The sad thing is, though, it was just a good mood. It's wasn't even euphoria or anything like that. It's just a basic feeling that everything is okay and everything will be okay. I think the fact that people kill for this drug speaks to how that feeling may seem simple but it's actually really elusive. Or maybe it speaks to my own whacked brain chemistry - the particular effect it had on me.
Addiction is like a dictatorship in the city of the mind. The takeover is insidious and sometimes slow, like the beautiful Trojan Horse rolling through the city gates. Once in power, the dictator's thoughts seem like your thoughts and you can't tell the two apart. And even if sometimes you can tell the difference, the ability comes and goes, and you can't tell when you can tell. The voice of addiction is always a little smarter than you are, no matter how smart you are. In fact, the smarter you are, the smarter it is. It is highly uncomfortable to resist that voice. And yes, I said uncomfortable, not painful! I'm not talking about physical withdrawals (irrelevant in this case for the most part). But do not underestimate the power of discomfort.
Last night I was feeling very sad and scared. So I came up with this image that helped me. Say the sadness and fear are this small black dot, like a throbbing planet. And while I'm in this moment, it feels like I'm in the dot or the dot is inside me. But actually, I'm the whole universe around it, as well as in it. Around the dot are all the years, all the time and space that lead up to this moment, as well as what will follow after it passes. Also, out there, are all the other people who aren't feeling what I'm feeling right now (although they may have felt it before). The point is, I can observe the dot, the planet that pulsates black and red... from the atmosphere. I can float around out there, and rest.

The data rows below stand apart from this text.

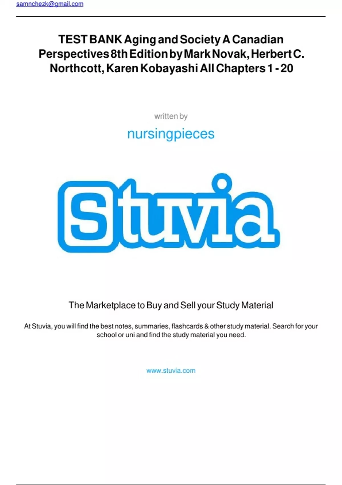 TEST BANK Aging and Society A Canadian Perspectives 8th Edition by Mark Novak, Herbert C. Northcott, Karen Kobayashi All Chapters 1 - 20 | Complete Guide.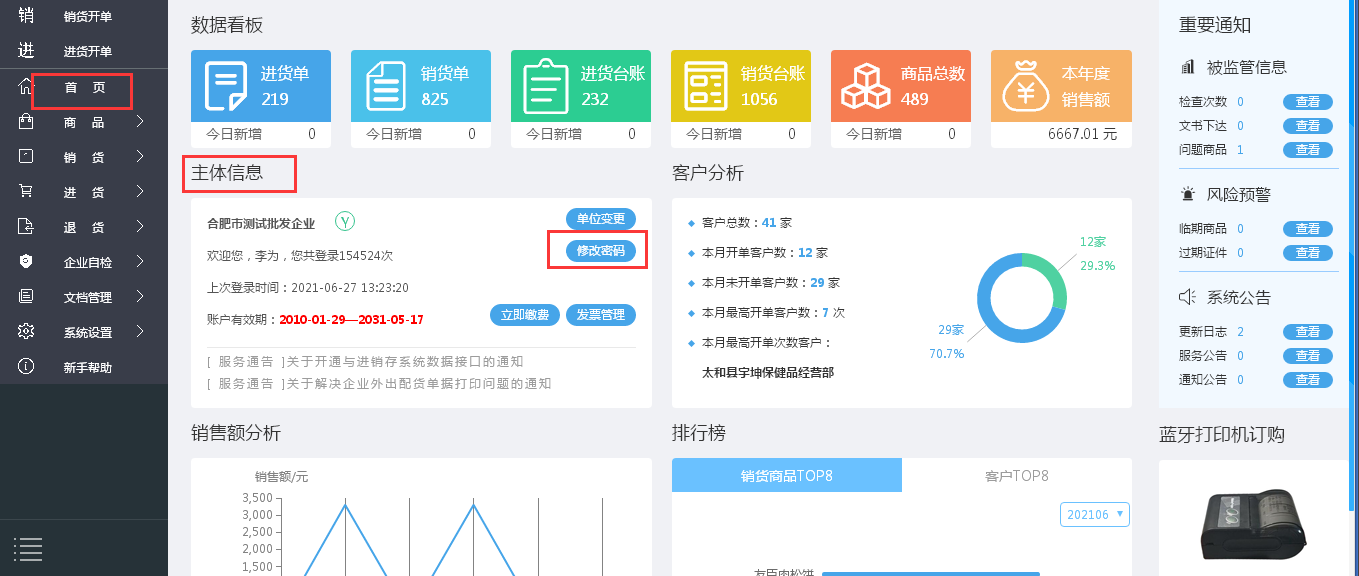 点击首页面主体信息内的“修改密码”,可以修改当前登录用户的登录密码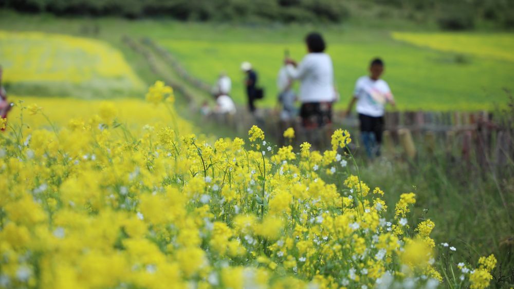 7月16日,游客在古浪县南部山区观赏游玩。新华社记者张睿摄
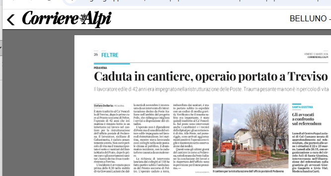 DAL CORRIERE DELLE ALPI – SINTESI

Some time during the night, I dreamed that acrobats were doing this very difficult, graceful routine on gymnastics bars. They were wearing bright colors and leaping in slow motion from one set of bars to another. While on the bars, they struck yoga poses, also in slow motion, and totally synchronized. The crowd, including myself, was saying "ooo" and "aaah" because it was so impressive and lovely. Sometimes a small group of them would go and I noticed one girl who wasn't perfect... and sometimes a couple of them would perform flawlessly. Somewhere in the vicinity, I went into a changing room. There were many dresses in there- fancy, expensive, and colorful dresses. I told someone that I had already tried them all on before. The only other part of this dream I remember is that there was some affection and interest between myself and a young man. He was white and around my own age; he was kind of a tough guy. At one point we were sitting in the same general space (an empty intersection near the acrobats?) and we were both working on writing lyrics. I noticed he was serious and hoped he could tell how serious I was and that he would respect that and like me because I liked him. Someone tried to bother me and I screamed at them to let me work because I had to perform or record really soon and didn't write anything good yet. In another part of the dream, I was looking down at the guy's thin, clothed body, and thinking that he was really hot. The last thing I remember is pouring him a cup of beer and making a bed for him on the floor. I went into another room to sleep.